Hi folks! We wanted to share a bit about our experience with ArtSpring a few weeks ago. Memorial Day weekend is a busy time for people in Parsons! From alumni events to mud racing, there is something for everyone. PRO added some art into the mix and draw some of the crowd drawn to Tucker County by ArtSpring, the county's high-mountain arts festival.
Lots of planning and coordinating went into making ArtSpring in Parsons happen. The biggest task taken on by PRO and our volunteers was prepping the train depot. Previously the site of Heritage House (an arts and crafts co-op), the depot had been unused for many years. There was a lot of dust to clean up. In addition, there were no utilities (electricity or water), and the space had never before been used as an art exhibit. Volunteers rearranged the set-up of the interior of the depot, arranging tables and shelves so that there would be lots of open space for viewing, and space on the walls to display pieces. After a few days of working with water, vinegar, hammers, brooms, garbage bags, and countless paper towels, the depot was ready to be filled with art.

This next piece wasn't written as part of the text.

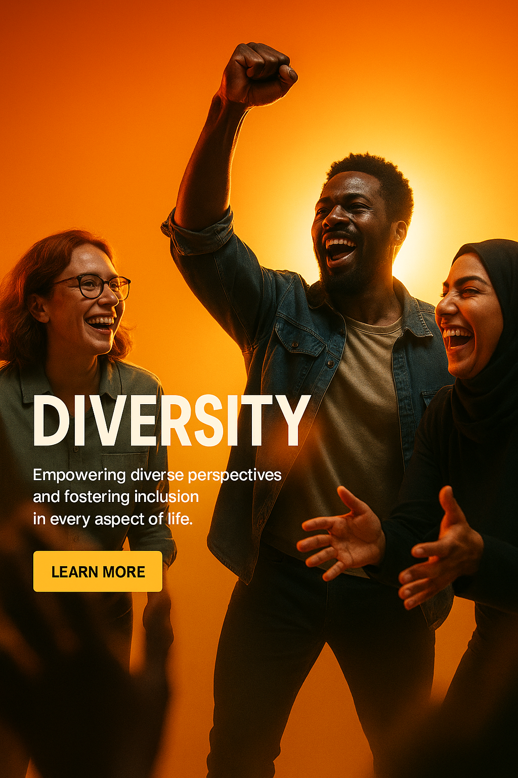 /Collection: /by davooda/Type: PNG/A vibrant social media post showcasing diverse individuals celebrating together. The warm color palette and joyful expressions emphasize inclusivity and empowerment.

The art that filled the depot was a woven and mixed media exhibit by artist Heather Togbetse that was open throughout the weekend. Heather's pieces were inspired by her grandmother's life in Parsons. Heather also drew inspiration from the history of slavery in Tucker County, and how her grandmother's life was influenced by the people and mountains around her. Heather's work was all hand crafted. Each piece of salvaged fabric was painstakingly cut and hand-stitched in place. The pieces ranged from a large quilt to several "pictures" with poems, and a family tree. Visitors were moved by Heather's ability to create scenes from fabric, as well as by the story she conveyed of struggle and triumph in her family's history.
While Heather's exhibit was up throughout the entire Memorial Day weekend, on Saturday it was accompanied by a woodworking fair. Three woodworkers from across the state, Richard Comer, Stan Jennings, and Greg Cartwright, showed off their craft and sold their wares. Richard displayed his handcrafted chests, sewing boxes, tables, and a beautiful porch swing. Greg's specialty was handmade pens created with wood from historic sites in the area. In Parsons, Greg gathered wood from the train depot, the old high school, the Tucker County Bank Building, and the old shoe factory. Our third woodworker, Stan Jennings from Allegheny Treenware, sold his wooden kitchen utensils. Stan also showed observers how to hand-whittle a spoon, even though most of his goods are now made by machine.
Between Heather's art and the goods made by Richard, Greg, and Stan, ArtSpring in Parsons brought over 85 visitors into the Train Depot. It was a huge success! We hope that we will be able to do even more next year!